Глава 1. Мистериальный топос в поэтике литературного произведения 1.1. Мистериальный хронотоп и пути его воплощения в художественном мире произведения Пространственно-временные параметры внутреннего мира художественного произведения, как известно, являются одной из жанроформирующих основ его поэтики; иначе говоря, любой литературно-художественный текст ориентируется на определенные жанровые концепты хронотопа. Соответственно, там, где в смысловой парадигме произведения актуализированы мистериальные концепты, мы, как правило, обнаружим в структуре мирообраза мистериальные же принципы миромоделирования, то есть мистериальный хронотоп. Несмотря на то, что в литературе Нового времени мистерия как конвенционально заявленный жанр отошла практически на периферию, на уровне жанрового конструкта (или жанровой внутренней формы) архетип мистерии можно назвать одним из самых значимых, что обусловлено особой метасмысловой природой и спецификой этого жанра. Подобная имплицитно заданная поэтикой произведения мистериальная семантика требует от автора поиска особых художественных путей ее инкарнации в эксплицитно данную картину создаваемого им мира. Одним из основных путей такой имплантации мистериального конструкта, и в первую очередь, мистериального хронотопа, в создаваемую художником модель универсума становится поэтика пейзажа, ландшафта, поэтика природы в целом как особой сферы человеческого и вне-человеческого миробытия. Доминирующее значение данного способа воплощения мистериального модели образа мира окажется понятным, если учесть, что сфера природной жизни — это единственная сфера, внеположенная, как бы трансцендентная (хотя и не в метафизическом смысле) человеческому разуму, логике, сознанию, и в то же время доступная его чувственно-эмпирическому опыту.

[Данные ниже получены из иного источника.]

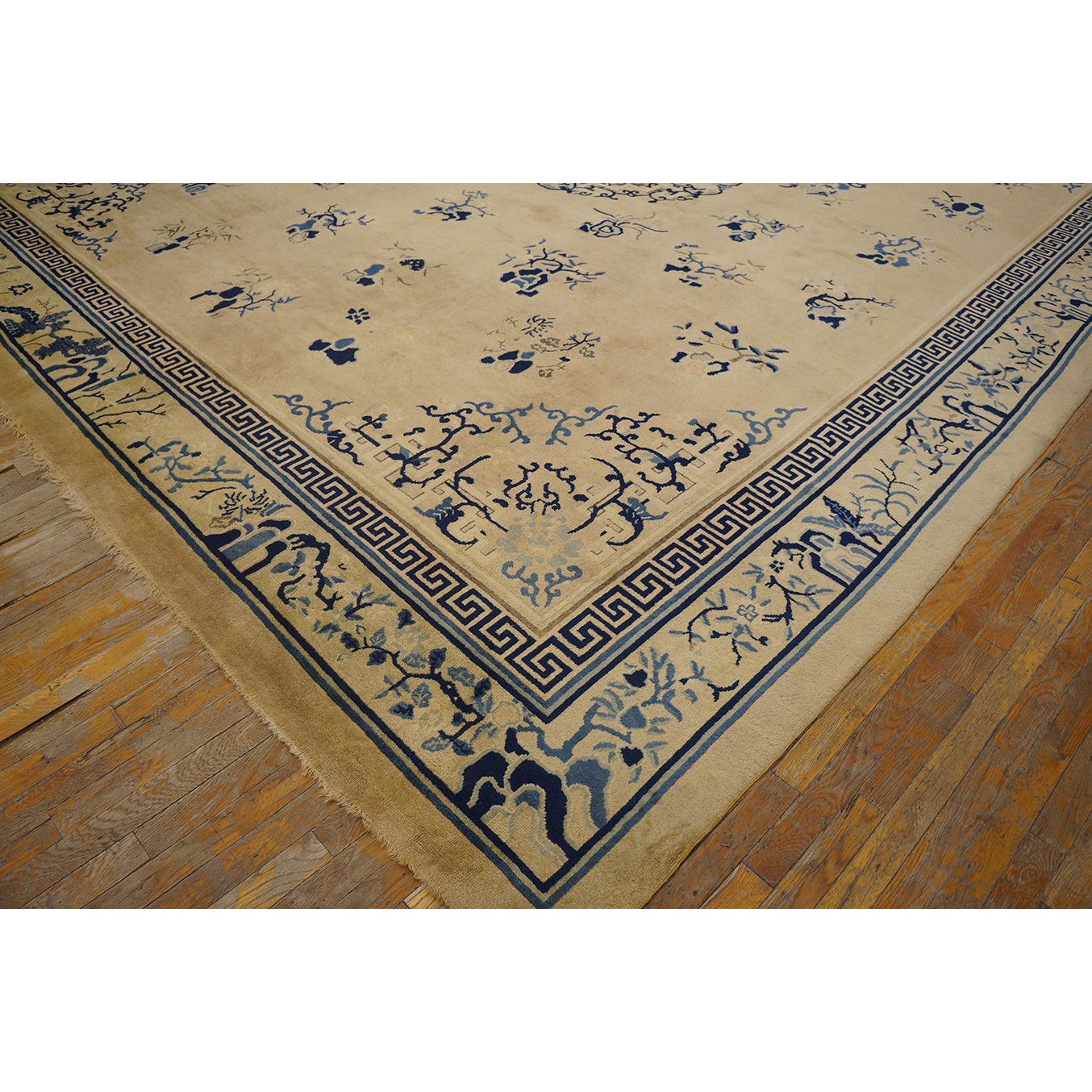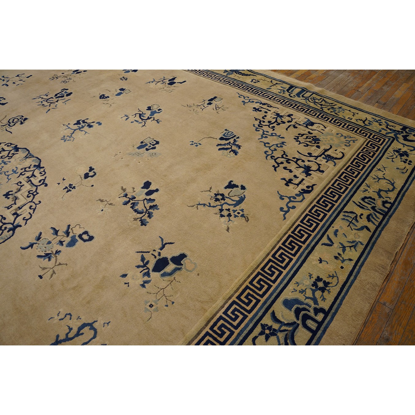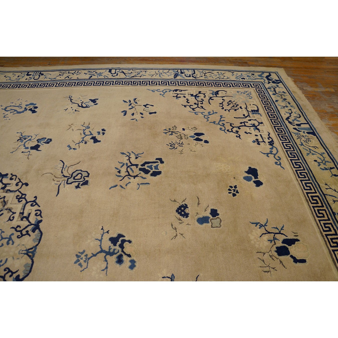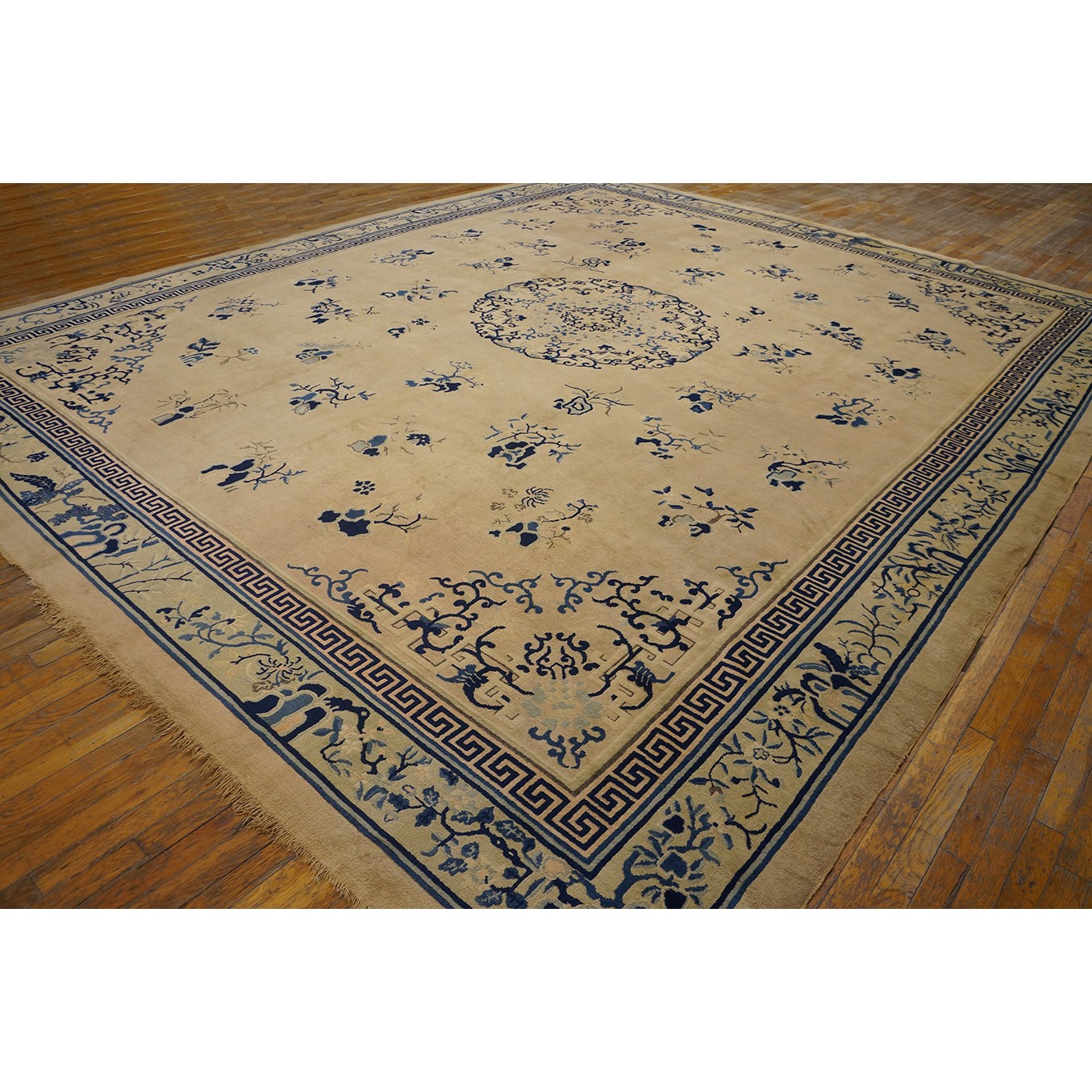 DescriptionChineseCarpets made in China proper. See entries Ningshia, Peking, Art Deco. Chinese - PekingThe commercial Peking carpet is a later 19th century development, begun by importing weaves from Ningshia (see entry) to create and export industry aimed at Western markets. The foundation is cotton and the pile is a good quality carpet wool which takes dyes particularly well. The neat medium weave is in Persian (asymmetric) knots. Designs are strictly Chinese and the whole motif repertoire of Chinese art is employed. Blue and white is the most popular color combination and red is particularly rare. Sizes tend to 9 x 12 and larger, and few small pieces appear. For a short time in the early 1920s Persian designs were woven to capitalize on the death of new Iranian goods. The industry decimated by the Communist Revolution relocated to the Pearl River area. There is a good supply of antique carpets at reasonable prices. | |

Подобное понимание природного универсума — как репрезентанта ино-человеческой, сверхэмпирической реальности и одновременно как медиатора между разными сферами бытия — человеческой и трансцендентной — мы найдем, например, в художественном мире И. С. Тургенева. Показателен и символичен в этом отношении финал «Отцов и детей», экстраполирующий итоговый смысл судьбы героя в «жизнь бесконечную» (и тем самым обращая этот смысл из трагического в мистериальный) именно через образы природного миробытия: «Какое бы страстное, грешное, бунтующее сердце ни скрылось в могиле, цветы, растущие на ней, безмятежно глядят на нас своими невинными глазами: не об одном вечном спокойствии говорят нам они, о том великом спокойствии «равнодушной» природы; они говорят также о вечном примирении и о жизни бесконечной...» [Тургенев, 1971, с. 636]. Пространство и время природной жизни интуитивно представляется человеческому сознанию многомерным и неисчерпаемым, так как за привычными и очевидными и как будто вполне понятными картинами «первого плана», являющимися зрению, слуху, обонянию, осязанию и подчиняющимися определенным логически объяснимым закономерностям, человек то и дело обнаруживает, ощущает, угадывает существование тайн, причастных иным, незримым планам и законам бытия. Художественной интуиции в этом процессе сверхлогического постижения мира принадлежит, может быть, первейшая роль. Даже культура ХХ века с ее выраженными позитивистскими и рационалистическими тенденциями не могла отказать сфере природного бытия остаться последним убежищем Тайны. Многомерность и неисчерпаемость природной жизни, таящей в себе сакральное и неведомое человеку, принципиально важна для мистериального мирообраза, ибо мистериальный универсум также многомерен и не антропоцентричен: его закономерности, структура и границы выходят далеко за пределы человеческого рационального и чувственного опыта. Мистериальная модель универсума предполагает существование планов бытия, трансцендентных человеческому сознанию, ориентированному на земной опыт.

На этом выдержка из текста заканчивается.